Electromagnetic emission from plasma with counter-streaming electron beams in the regime of oblique instability dominance

TL;DR

This paper investigates electromagnetic emission from counter-streaming electron beams in plasma, demonstrating high efficiency radiation generation near the second harmonic of plasma frequency through oblique instability dominance, using simulations and linear theory.

Contribution

It introduces a new understanding of efficient electromagnetic emission in plasma with counter-streaming beams driven by oblique instability, supported by simulations and theoretical analysis.

Findings

High beam-to-radiation conversion efficiency achieved

Radiation generated near the second harmonic of plasma frequency

Efficiency and spectrum independent of beam thickness

Abstract

The problem of electromagnetic emission generation in plasma with electron beams is relevant both for practical applications and for interpretation of radio emission processes in astrophysical systems.
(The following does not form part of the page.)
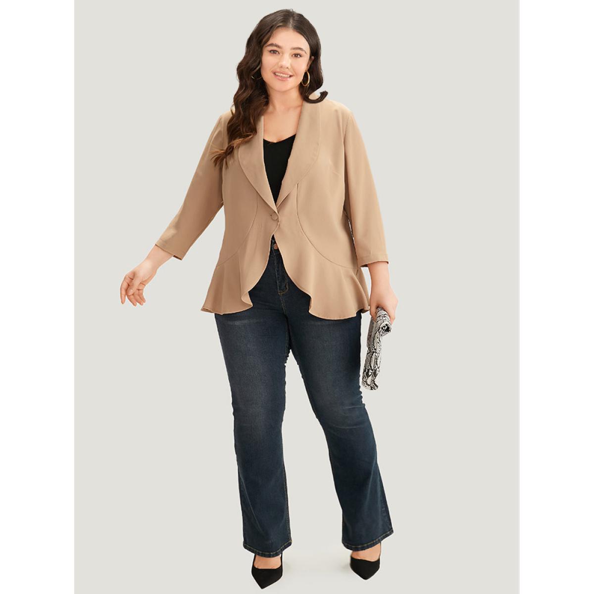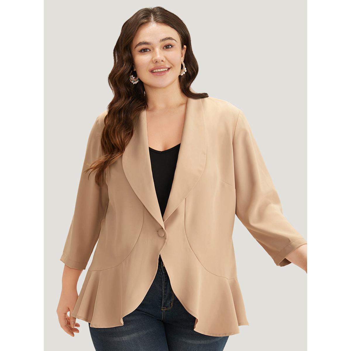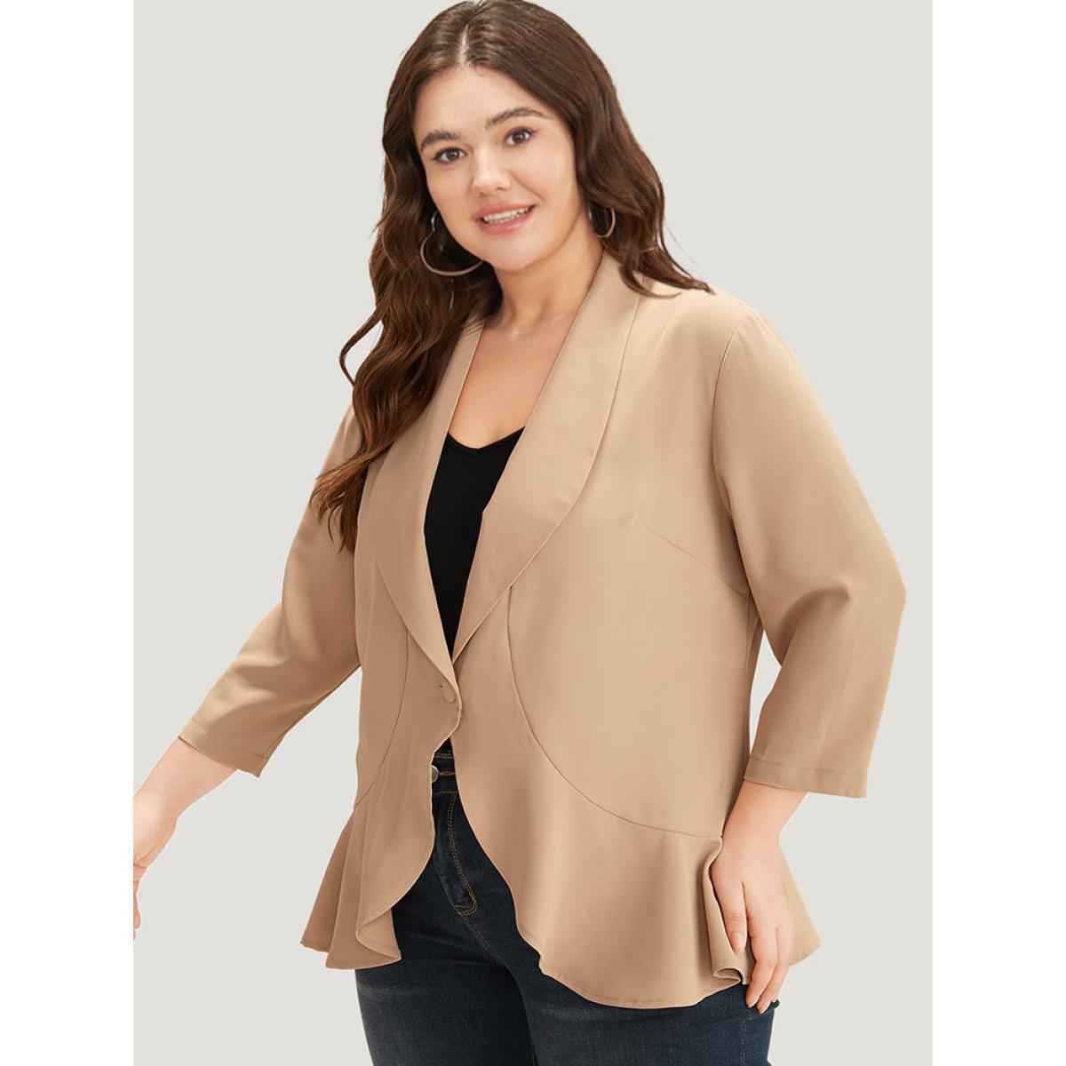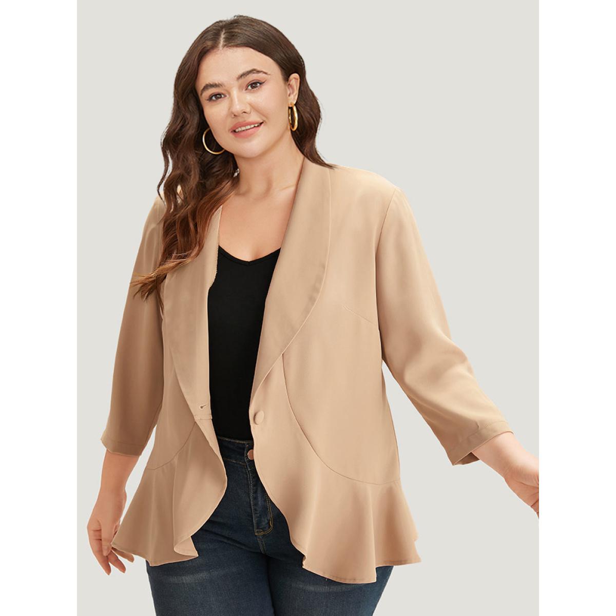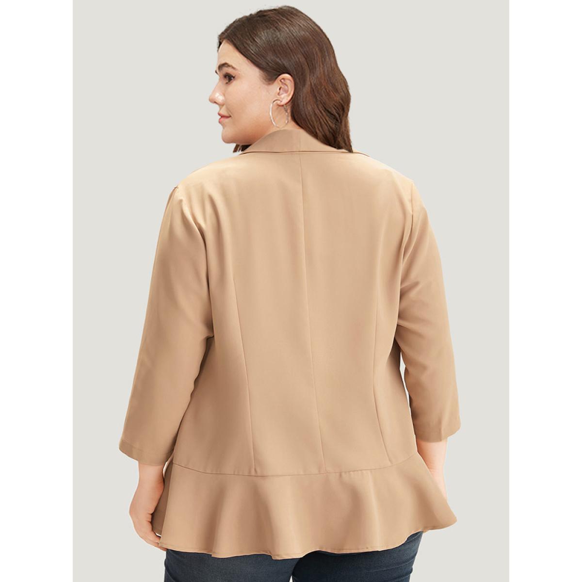 Plus Size Plain Lapel Collar Button Up Ruffle Trim Blazer Tan Women Work Plain Plain Sleeve Elbow-length sleeve Lapel Collar 26/4X Office Blazers BloomChic

In this work, we consider the case of counter-propagating electron beams injection into plasma. Such systems may occur in cosmic plasma in the case of closely spaced particle acceleration regions, and they can also be implemented in laboratory facilities. Using particle-in-cell numerical simulations, we have shown that high beam-to-radiation conversion efficiency can be achieved in the case when beams excite small scale oblique plasma oscillations. In this case, the radiation is generated in the vicinity of the second harmonic of the plasma frequency. For such waves the surrounding plasma is transparent. It has been found that the efficiency and spectrum of the radiation are not dependent on the thickness of the beams. It has been also shown that parameters of the system necessary for efficient radiation generation by the discussed mechanism can be found using the exact linear theory of beam-plasma instability.